Monday, 15 June 2015

Down to the wire

The failure of weekend talks in Brussels between Greece and its creditors has now left Thursday’s Eurogroup meeting as perhaps the last possible opportunity for a deal before the country defaults.
Greek prime minister Alexis Tsipras lashed out at creditors – the International Monetary Fund, the European Commission and European Central Bank – on Sunday night, when talks broke up after an alleged mere 45 minutes.
“The institutions’ insistence on further cuts to pensions after five years of devastation wrought by memoranda can only be attributed to a political agenda,” he said.
‘Memoranda’ is a reference to the cash-for-austerity deals Greece signed in 2010 and 2012.
“We carry the dignity of an entire people… we cannot bury democracy in the land where it was born,” he added.

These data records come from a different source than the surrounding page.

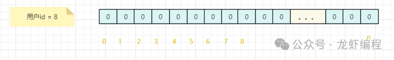 如果以日期为维度来存储签到数据,要统计12月份所有用户的连续签到,那么就需要31个bitmap就是可以实现。假设用户id等于8的用户签到了,我们将bitmap上8这个位置的0修改成1,如下所示: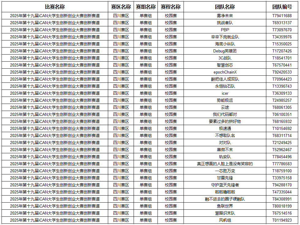 经过悟空官方网站校内专家组根据各团队作品的创新性、商业性、技术方案以及文档的完备性进行综合评分,最终选拔出30支队伍参加第十九届iCAN大学生创新创业大赛西南区赛区线上选拔赛,入围团队名单见下表。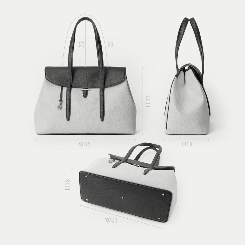 旅行・出張・ゴルフなどで少し荷物が多いときにも、上品にコーディネートして持ち歩ける、15インチのノートPCやB4の書類を収納できて肩掛けハンドル仕様のフラップトートバッグ。フロントとマチが一体になった、「キャンバス生地」一枚仕立てにすることで、ふっくらとした美しいシルエットを叶えるとともに、サイドに設けられたスナップボタンでマチ幅を調整できたり、フラップをイミテーションの差し込み金具にしてマグネットで簡単に開け閉めできたりするなど、エレガントなデザイン性とカジュアルな機能性を併せ持っています。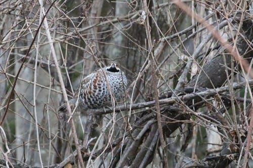 日中の気温がプラスになり人も野鳥も春を感じます 樹上のライチョウが体を膨らませアピールする、、雌は何処だ?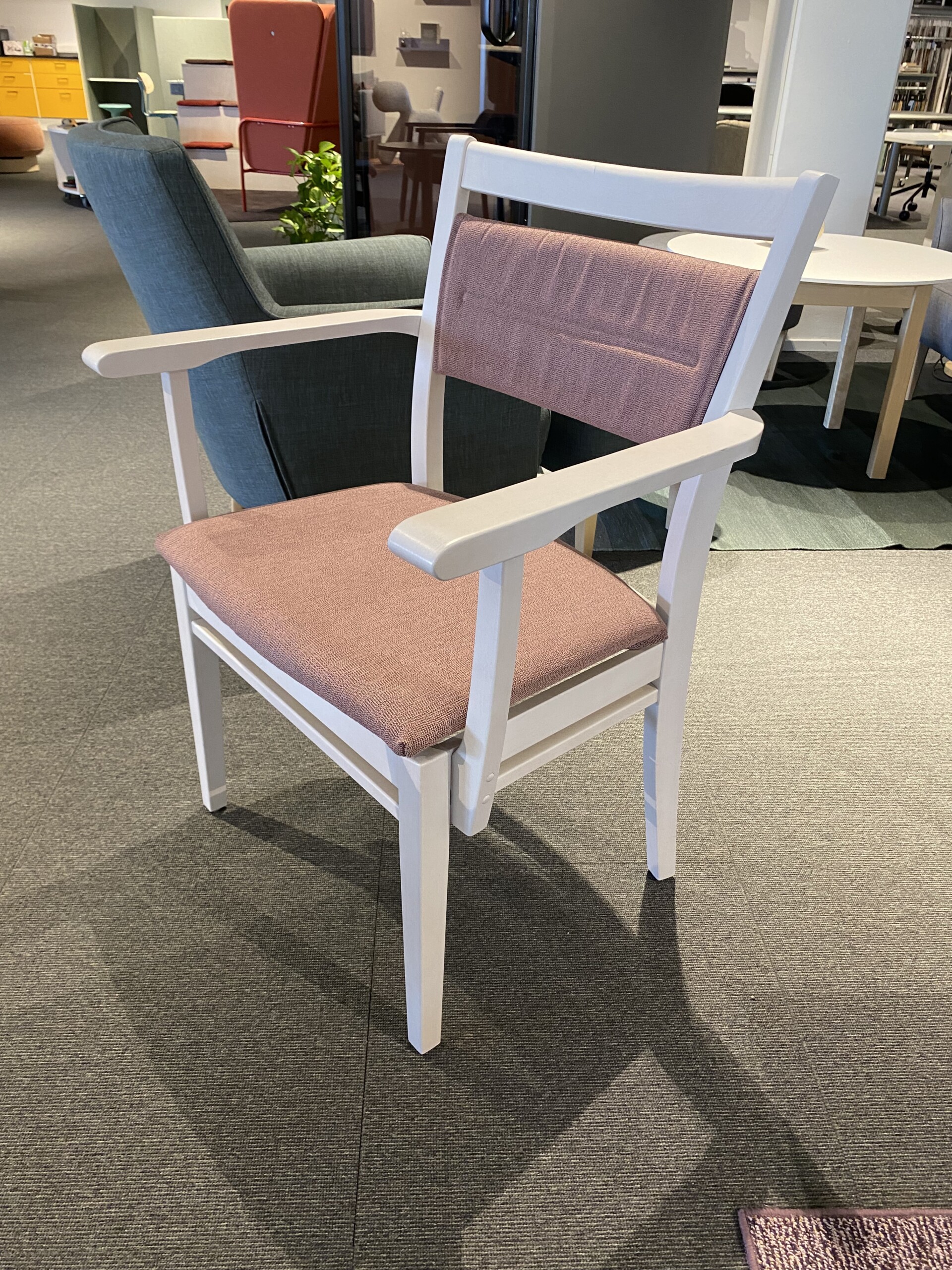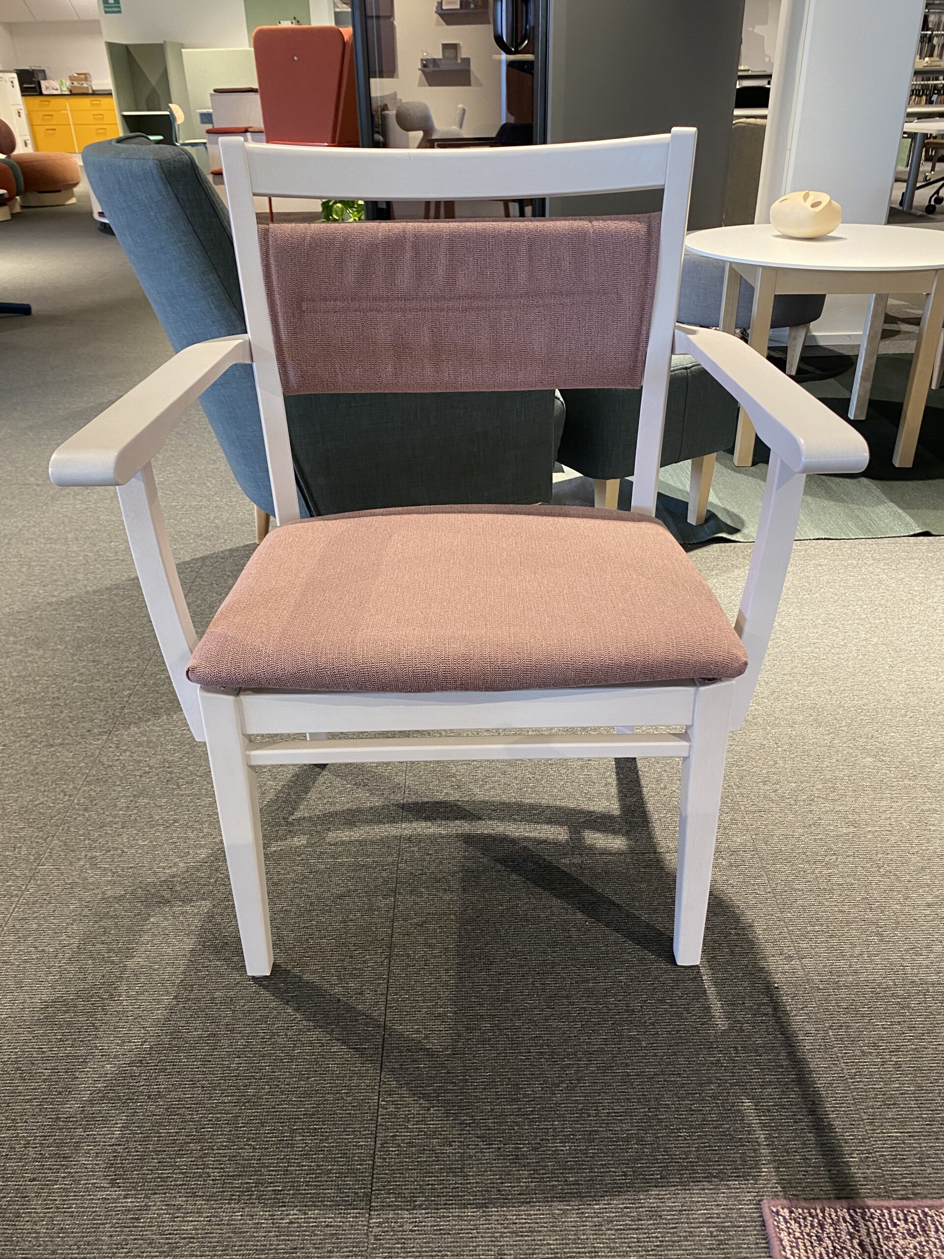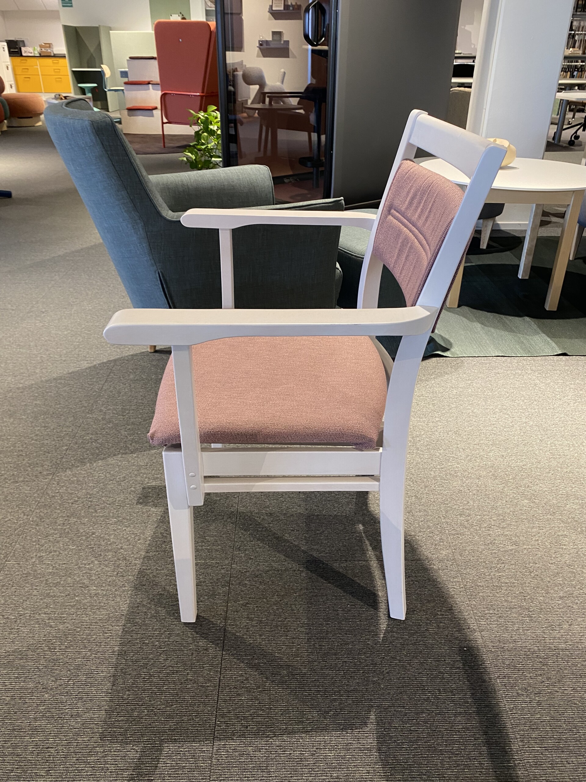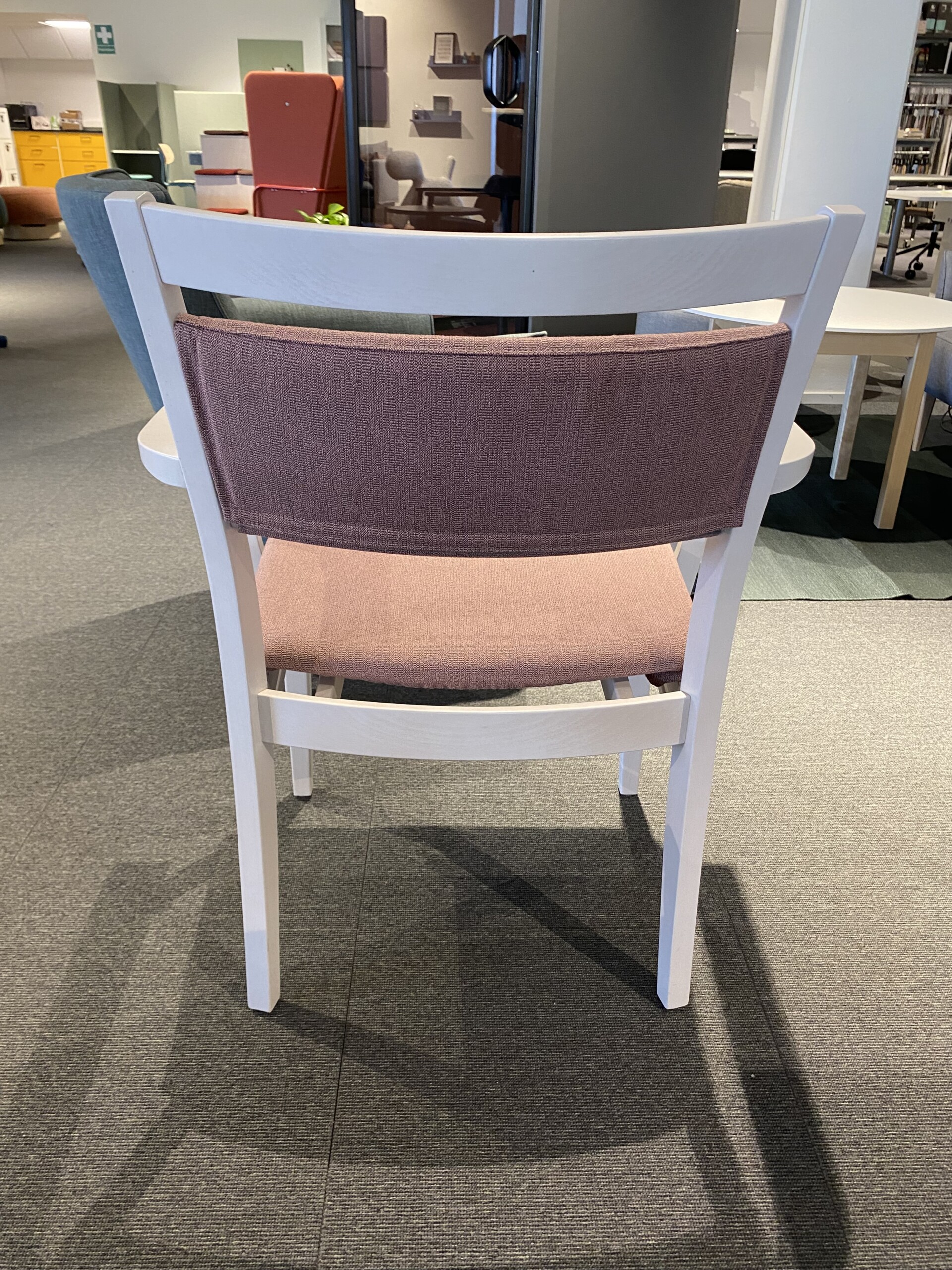 Seat and backrest in fabric (pink). Legs in wood (white).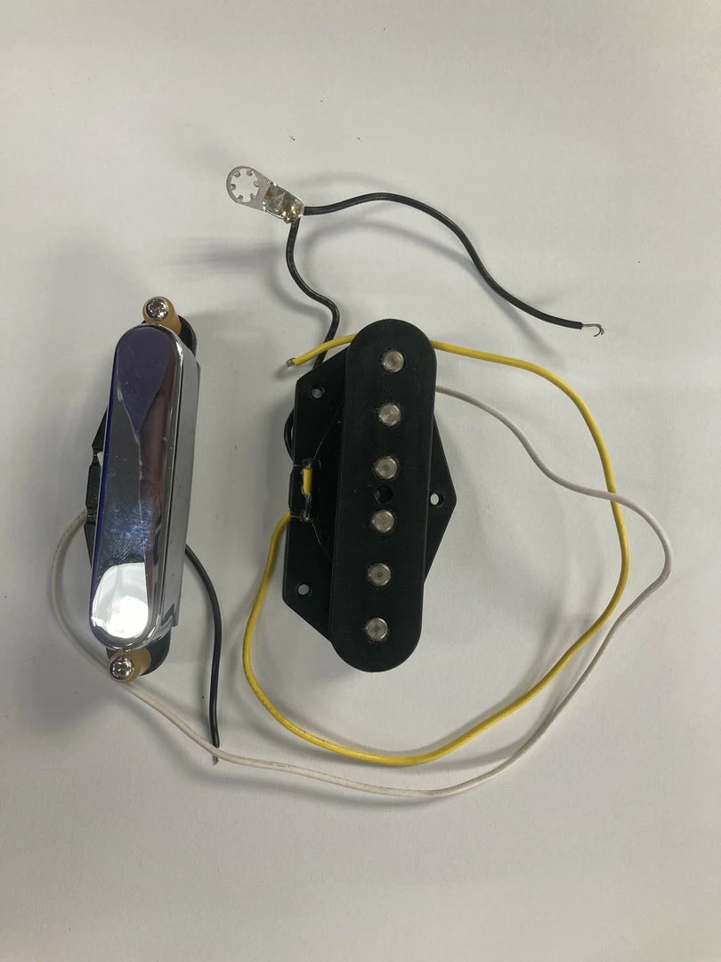 This is a used set of Telecaster pickups – not sure what these came out of but the neck pickup reads 8.65 on a multi-meter and the bridge pickup reads 10.15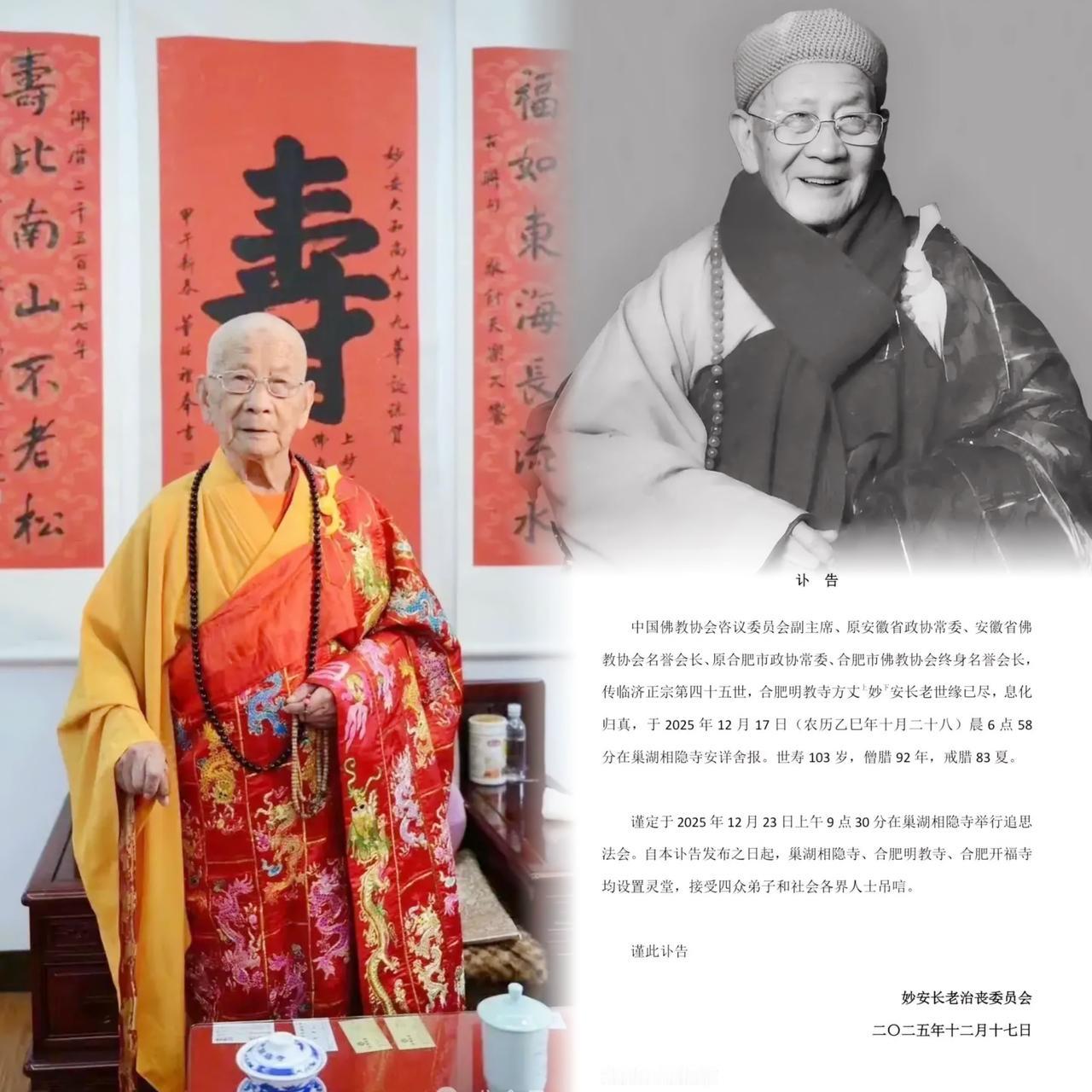 恸哉! 103岁妙安长老于12月17日凌晨在巢湖相隐寺安详示寂,这位跨越世纪的高僧,终究化作了人间的一缕清辉。 92年僧腊、83年戒腊,他不仅是临济正宗传人、明教寺方丈,更以近八旬高龄奔波募化,让拆毁的相隐寺重焕生机,还培养了大批佛教僧才。 所谓高僧,从不是孤高避世,而是把慈悲融进烟火,用一生践行“弘法利生”的初心。 肉身虽寂,但他重修的古寺、传承的善念永远都在,这才是真正的“慧灯不灭”。 你是否去过长老住持的寺院,或是听过他的弘法故事?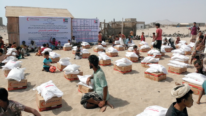 جانب من المساعدات التي وزعتها «الهلال» في لحج. وام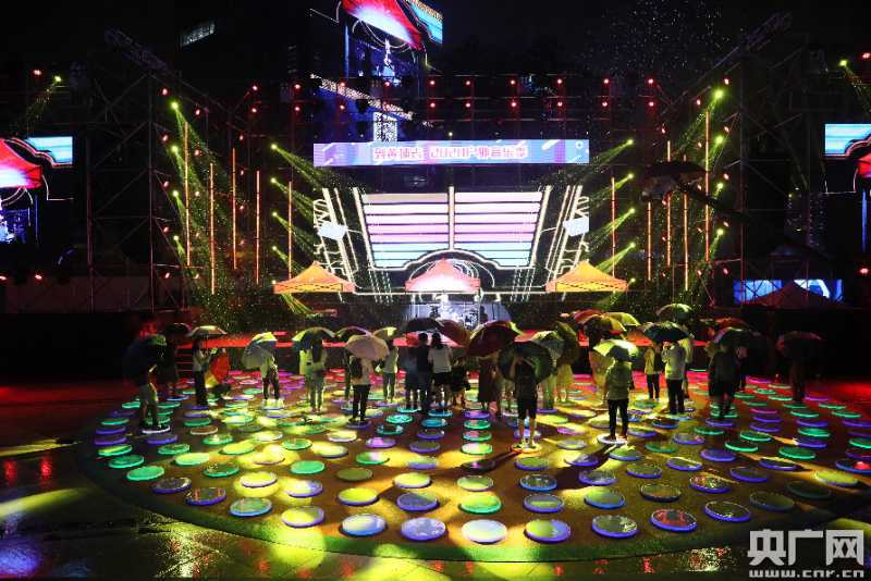 黃埔戶外音樂季演出吸引不少市民冒雨駐足觀看。(央廣網發 鐘燚 攝)

Greece owes the International Monetary Fund 1.6bn euros on June 30. A European leaders’ summit on June 24-25 could act as a final stopgap for a deal, but some senior financial officials in Athens believe that European leaders will not do a political deal with Athens in the absence of a technical agreement that balances the country’s books this year.
Greece has resisted a reduction in pension payouts equal to one percent of GDP. It also refuses to raise consumer tax (VAT) by a similar amount, saying such measures will trigger renewed recession.
A team of senior Greek negotiators arrived in Brussels on Saturday to renew overtures after a failure to reach agreement on Thursday – one in a series of such failures.
“Despite the Greek representation’s continued presence in Brussels, there was no willingness by institutions to talk at a level of authority that would allow differences to be resolved,” said deputy prime minister Yannis Dragasakis, who is a member of the negotiating team.
European Commission President Jean-Claude Juncker did not attend weekend talks in person, leaving deputies in his stead.